At the raw buffer level, every backend implements:
- `Backend::from_host_bytes`
- `Backend::to_host_bytes`
- `Backend::copy_from_host`
- `Backend::copy_to_host`
These are the fundamental upload/download hooks used to move layout storage across the host/backend boundary. For example:
```rust
let gpu_buf = CudaBackend::from_host_bytes(host_bytes);
let roundtrip = CudaBackend::to_host_bytes(&gpu_buf);
```
For cross-backend buffer transfer, `poulpy-hal` provides `TransferFrom<From>`. This is destination-owned: the destination backend declares how to import a source backend buffer.
```rust
pub trait TransferFrom<From: Backend>: Backend {
fn transfer_buf(src: &From::OwnedBuf) -> Self::OwnedBuf;
}
```
The default implementation only covers simple host-resident `Vec<u8>` backends.
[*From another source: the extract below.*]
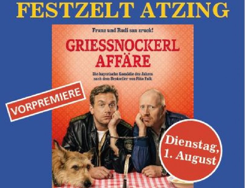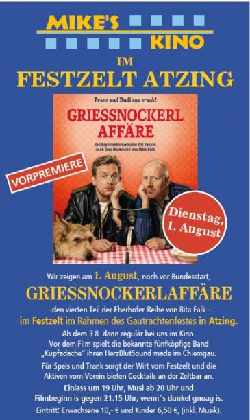 In einer Veranstaltungspause des Atzinger Trachtenvereins „Daxenwinkler“ anlässlich des 81. Gautrachtenfestes vom Chiemgau-Alpenverband vom 27. Juli bis 7. August veranstaltet Mikes Kino aus Prien einen besonderen Filmabend im Atzinger Festzelt. Noch vor dem Bundesstart kommt es zu einer Vorpremiere des Films „Griessnockerl-Affäre“, dem vierten Teil der Eberhoer-Reihe von Rita Falk. Das Film-Erlebnis beginnt am Dienstag, 1. August um 19 Uhr mit dem Einlass, ab 20 Uhr mit der fünfköpfigen Band „Kupfadache“ (Herzblut-Sound made im Chiemgau) und gegen 21.15 Uhr mit dem Film-Start. Für Cocktails und Bewirtung wird gesorgt sein. Karten sind nur an der Abendkasse erhältlich.

Device backends are expected to add explicit impls for the source backends they support.
At the structured layout level, the canonical `upload_*` / `download_*` APIs live one layer above, in `poulpy-core::api::ModuleTransfer`. Those methods are built on top of `TransferFrom` and let modules move typed values such as `GLWE`, `LWE`, `GGLWE`, `GGSW`, and prepared keys between backends.
In practice:
- use `from_host_bytes` / `to_host_bytes` when you need a low-level buffer bridge
- use `TransferFrom` when implementing backend-to-backend storage movement
- use `ModuleTransfer::upload_*` / `download_*` in higher-level code that moves full typed objects between backends
## Tests
A fully generic cross-backend test suite is available in [`src/test_suite`](./src/test_suite).